PROVIDED ENTRIES:
● ● ● ● ● ● ●
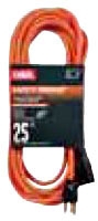 Extension Cord, General Use Indoor/Outdoor, 14 AWG, 3-Conductor Grounded, 25', Safety Orange PVC Jacket, 125 Volts, 15 Amps, 1875 Watts, NEMA 5-15P/5-15R, Straight Plug, Type SJTW, UL Listed
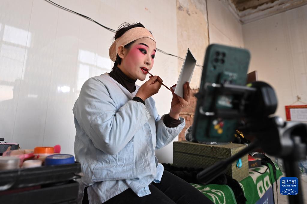 1月30日,在山西省太原市清徐縣孟封村,太原市晉劇藝術研究院實驗二團演員在后臺直播化裝。
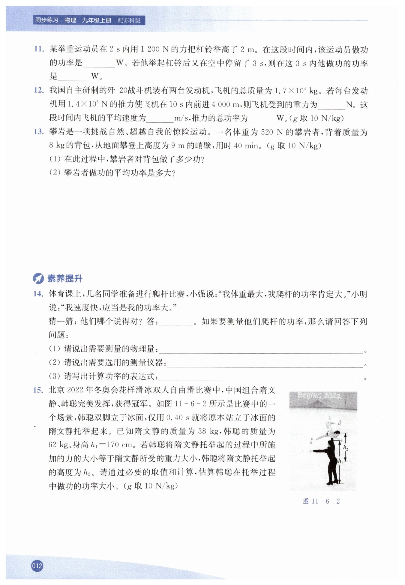 攀巖者做的總功:$W_{總}=G_{總}h=600\ N × 9\ m=5400\ J$
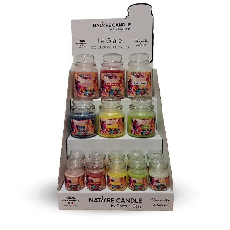 Esponi con stile le Giare Profumate in cera 100% vegetale con l’Espositore da Terra della collezione Flowers di Nature Candle. Racchiuse in eleganti giare di vetro, catturano l’essenza dei fiori appena raccolti.
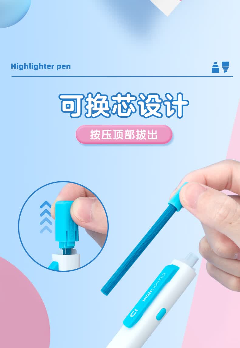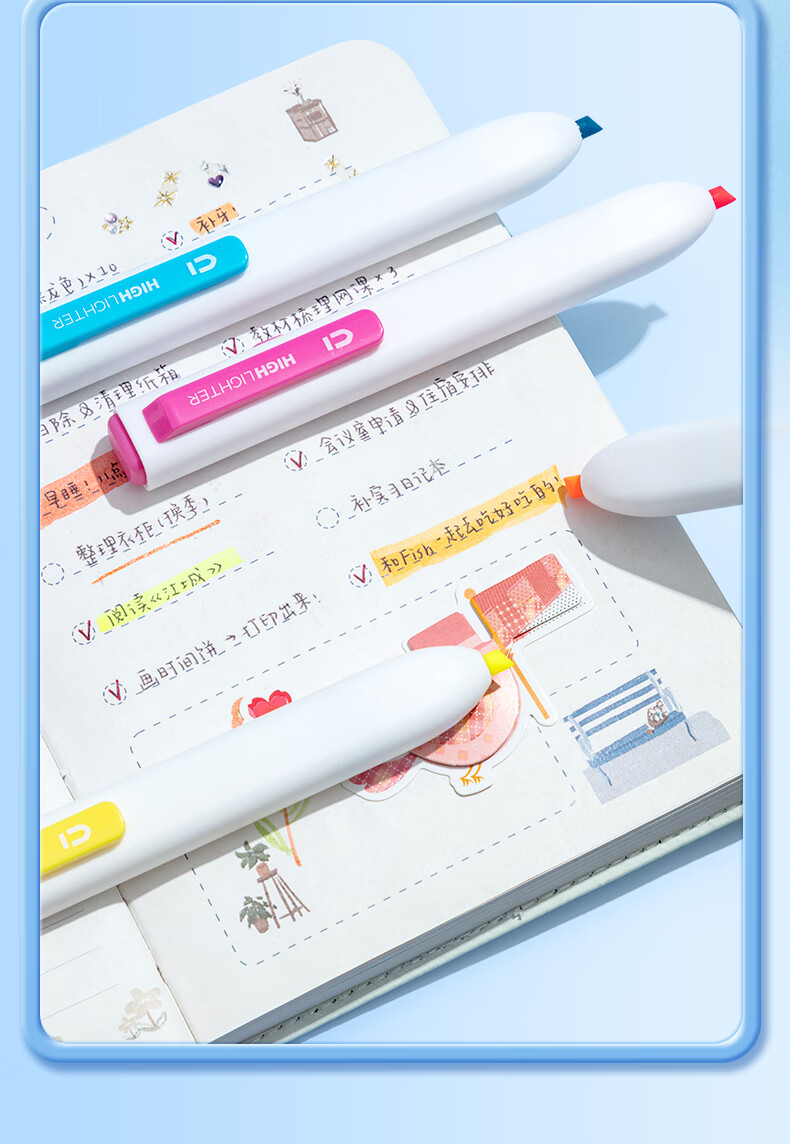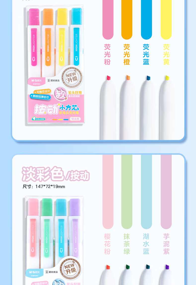 晨光优品按动小方芯淡彩四色荧光笔学生专用标记笔划重点彩色记号笔高颜值轮廓笔手帐笔1盒AHMF0604
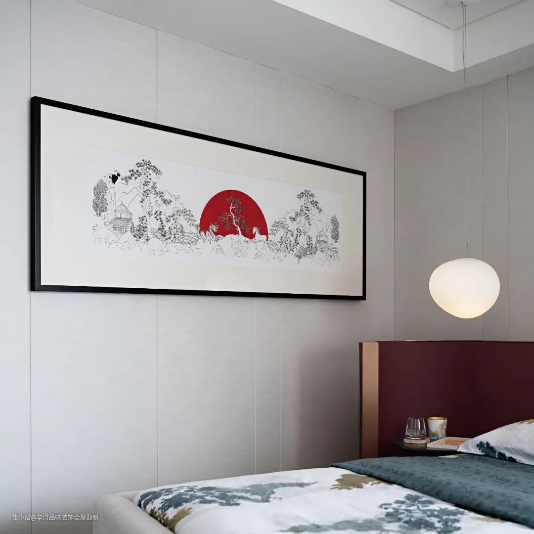 ▲卧室侧边墙面以硬包为主,挂一幅群山旭日东升的横幅装饰画,旁边还有一盏球形的吊灯布置,带来的是一种独特的优雅的高级空间感。
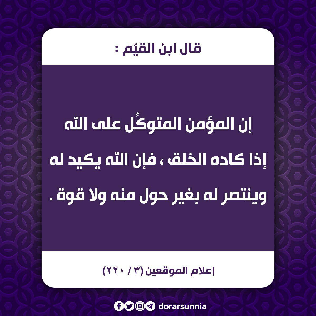 ابوبكر الضريبي En Twitter ابن القيم إن المؤمن المتوكل على الله إذا كاده الخلق فإن الله يكيد له وينتصر له بغير حول منه ولا قو ة Https T Co Gtx4oib6e6
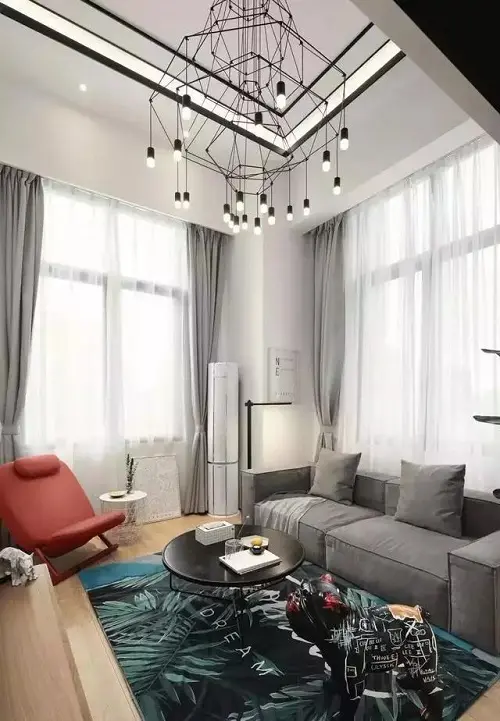客厅处做了挑高的设计,顶部的跌级吊顶加上了藏光,还做了几圈的装饰线条,搭配几何造型的创意吊顶,显得非常的帅气。
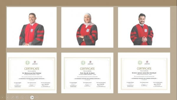 وقد حضر الورشة التدريبية كلًا من: الأستاذ الدكتورة زينة العلمي نائب عميد كلية العلوم الطبية المساندة، والدكتور محمد عضيبات من كلية الحقوق، والمحاضر المهندس أيمن أبو حمدية من كلية العمارة والتصميم، حيث خاضوا تجربة تعليمية متميزة تهدف إلى تطوير قدراتهم في دمج تقنيات الذكاء الاصطناعي ضمن أساليب التدريس والتعلم.
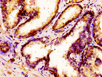 IHC image of CSB-PA015068LA01HU diluted at 1:300 and staining in paraffin-embedded human prostate cancer performed on a Leica BondTM system. After dewaxing and hydration, antigen retrieval was mediated by high pressure in a citrate buffer (pH 6.0). Section was blocked with 10% normal goat serum 30min at RT. Then primary antibody (1% BSA) was incubated at 4°C overnight. The primary is detected by a biotinylated secondary antibody and visualized using an HRP conjugated SP system.
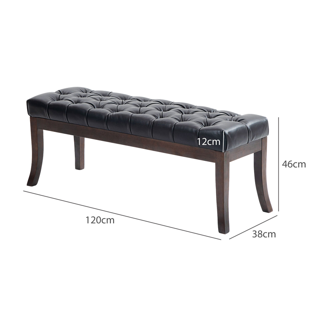 Panca Fondo Letto Imbottita con Design a Bottoni e Gambe Ricurve 120x38x46 cm in Pelle PU e Legno Nero
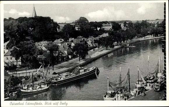 Ak Ostseebad Borby Eckernförde, Teilansicht, Hafen, Boote
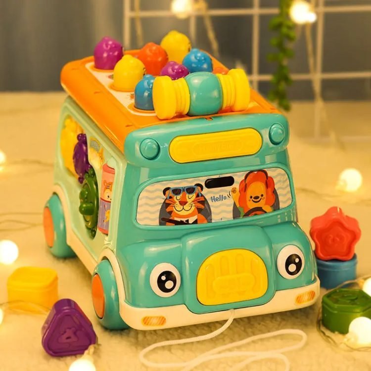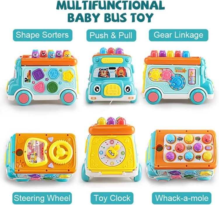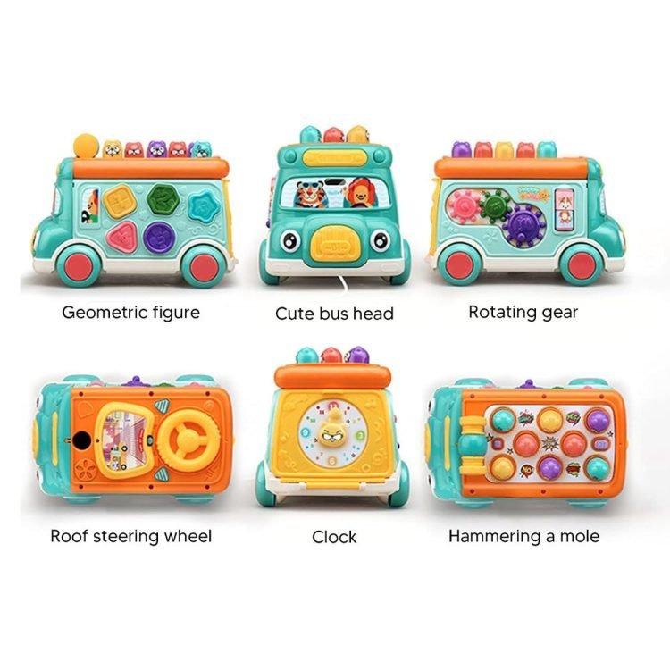 - Featuring a clock with facial expressions on its back, this bus toy is not just a fun and educational toy for your baby, but it also promotes play based on learning, imagination, and creativity. Your baby can enjoy exploring its six sides and learning all the time.
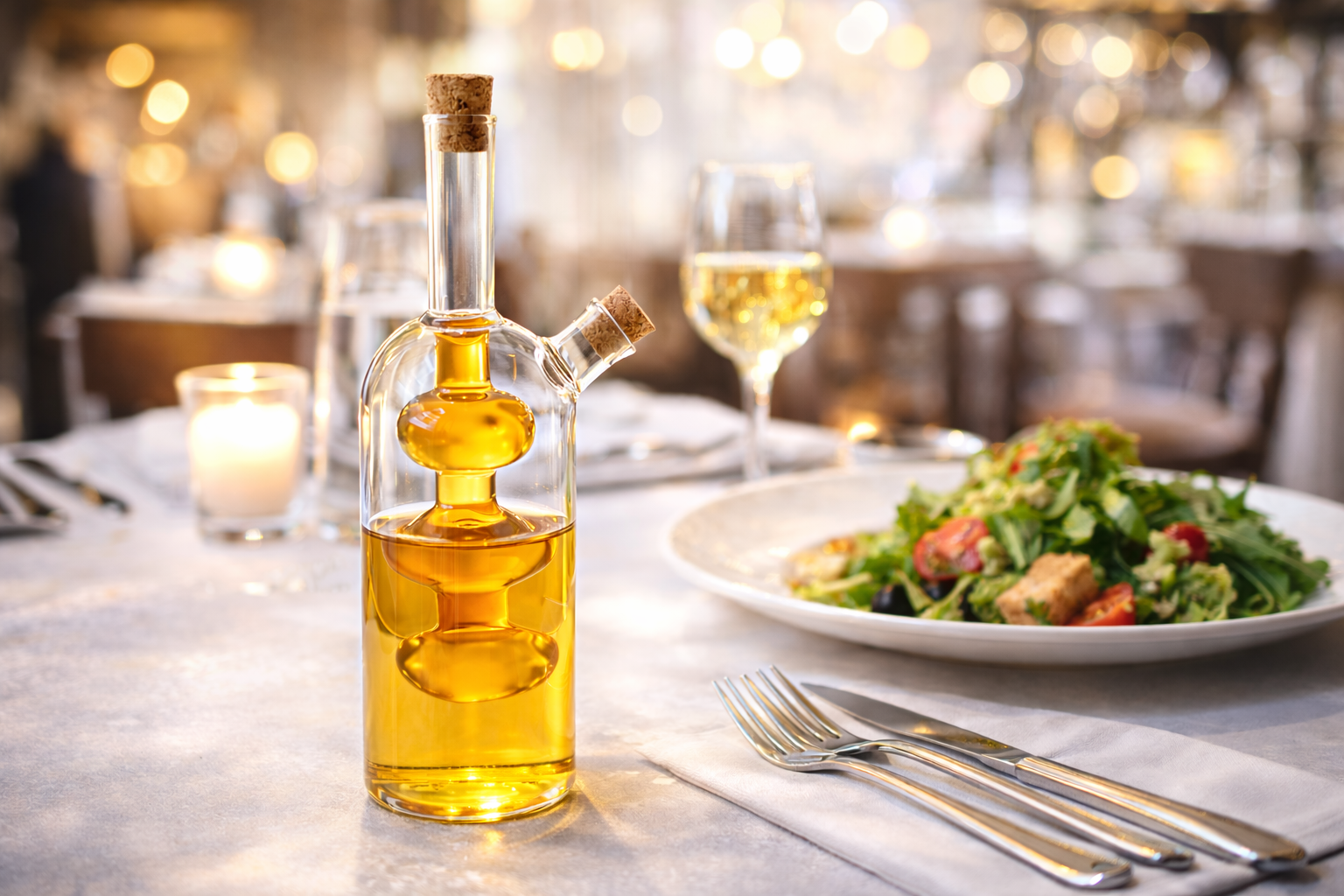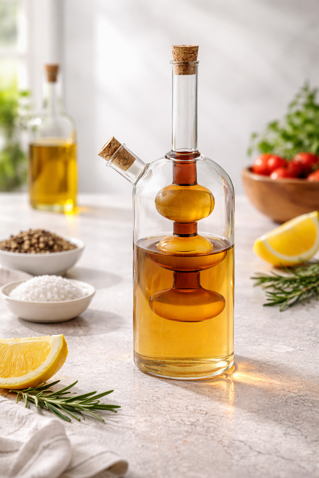 Ova staklena posuda za ulje i ocat elegantan je i funkcionalan dodatak svakoj kuhinji, restoranu ili apartmanu.
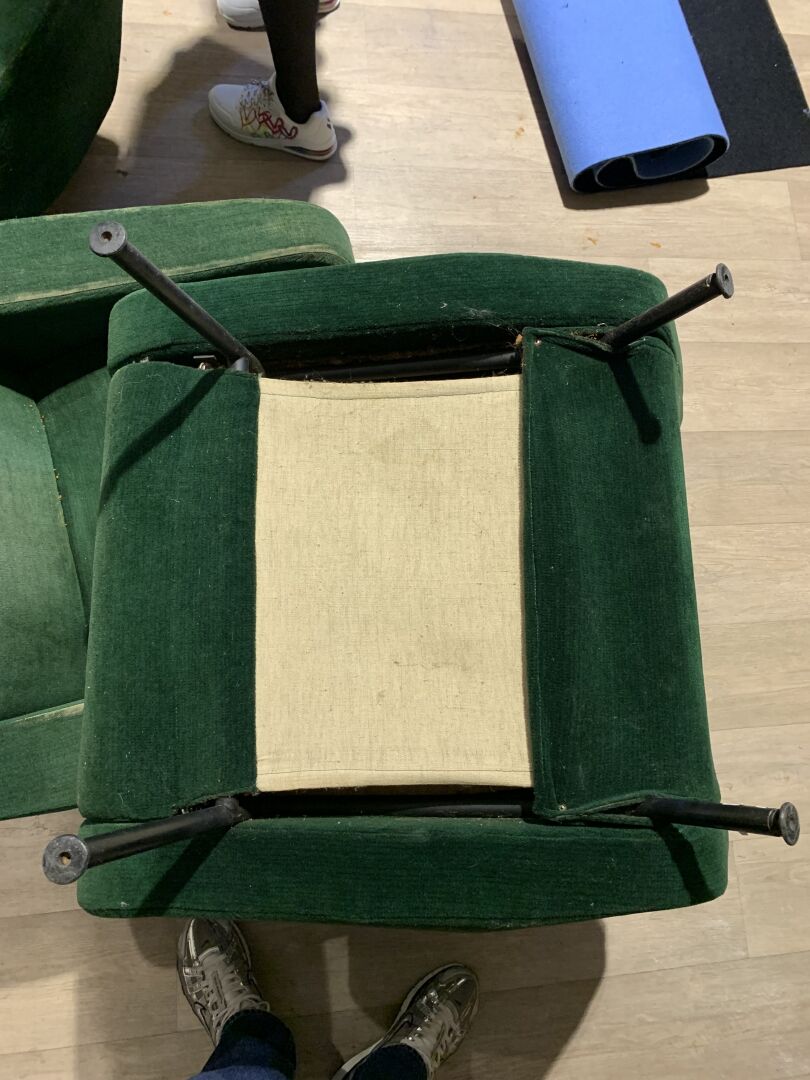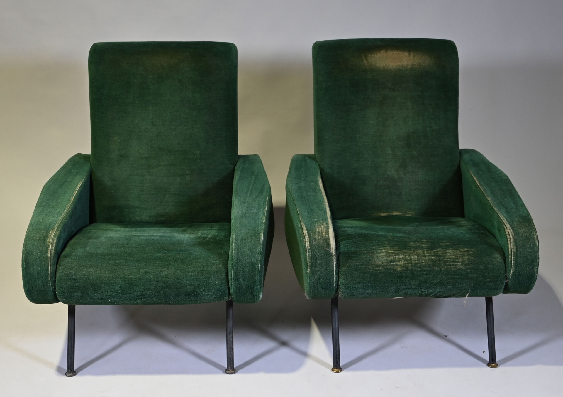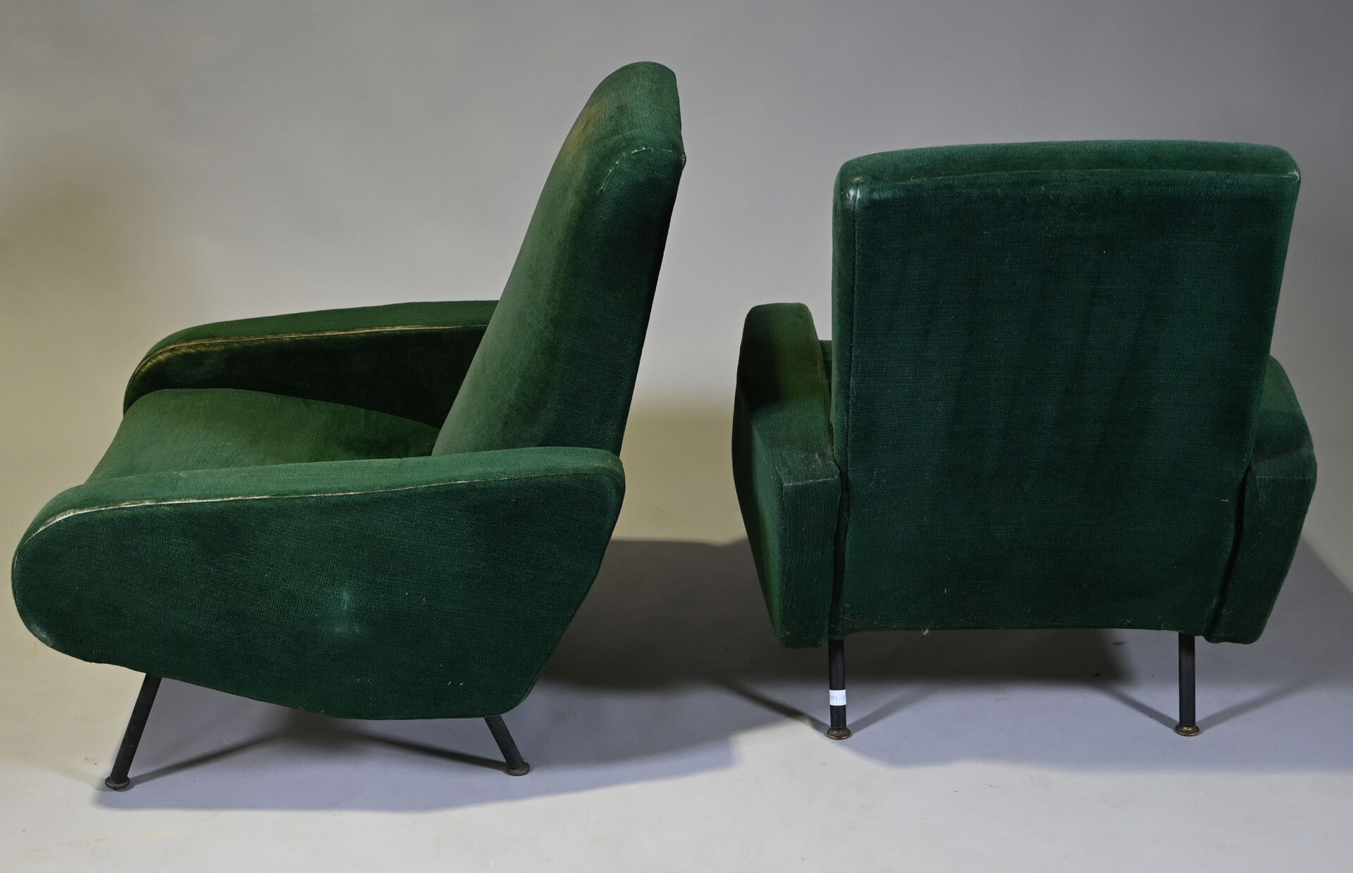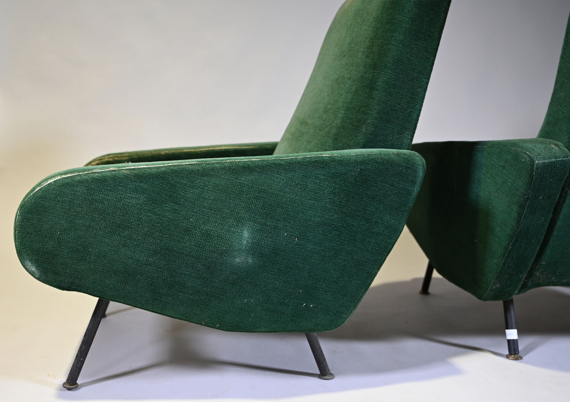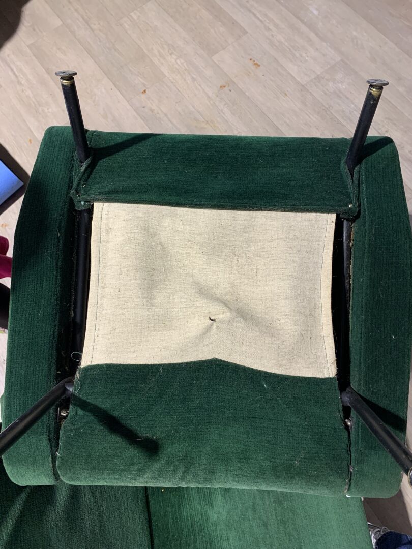Pierre GUARICHE (1926-1995). Suite de 4 fauteuils modèle Troïka garnis de velours vert, piètement en métal laqué noir (usures d’usage, patins manquants, un ressort cassé). Haut. : 89 cm.
● ● ● ● ● ● ●
TASK TO COMPLETE:
Up to and including the line with "客厅处做了挑高的设计,顶部的", copy the data above from its first line. Skip pictures.

EXERCISE SOLUTION:
 Extension Cord, General Use Indoor/Outdoor, 14 AWG, 3-Conductor Grounded, 25', Safety Orange PVC Jacket, 125 Volts, 15 Amps, 1875 Watts, NEMA 5-15P/5-15R, Straight Plug, Type SJTW, UL Listed
 1月30日,在山西省太原市清徐縣孟封村,太原市晉劇藝術研究院實驗二團演員在后臺直播化裝。
 攀巖者做的總功:$W_{總}=G_{總}h=600\ N × 9\ m=5400\ J$
 Esponi con stile le Giare Profumate in cera 100% vegetale con l’Espositore da Terra della collezione Flowers di Nature Candle. Racchiuse in eleganti giare di vetro, catturano l’essenza dei fiori appena raccolti.
 晨光优品按动小方芯淡彩四色荧光笔学生专用标记笔划重点彩色记号笔高颜值轮廓笔手帐笔1盒AHMF0604
 ▲卧室侧边墙面以硬包为主,挂一幅群山旭日东升的横幅装饰画,旁边还有一盏球形的吊灯布置,带来的是一种独特的优雅的高级空间感。
 ابوبكر الضريبي En Twitter ابن القيم إن المؤمن المتوكل على الله إذا كاده الخلق فإن الله يكيد له وينتصر له بغير حول منه ولا قو ة Https T Co Gtx4oib6e6
客厅处做了挑高的设计,顶部的跌级吊顶加上了藏光,还做了几圈的装饰线条,搭配几何造型的创意吊顶,显得非常的帅气。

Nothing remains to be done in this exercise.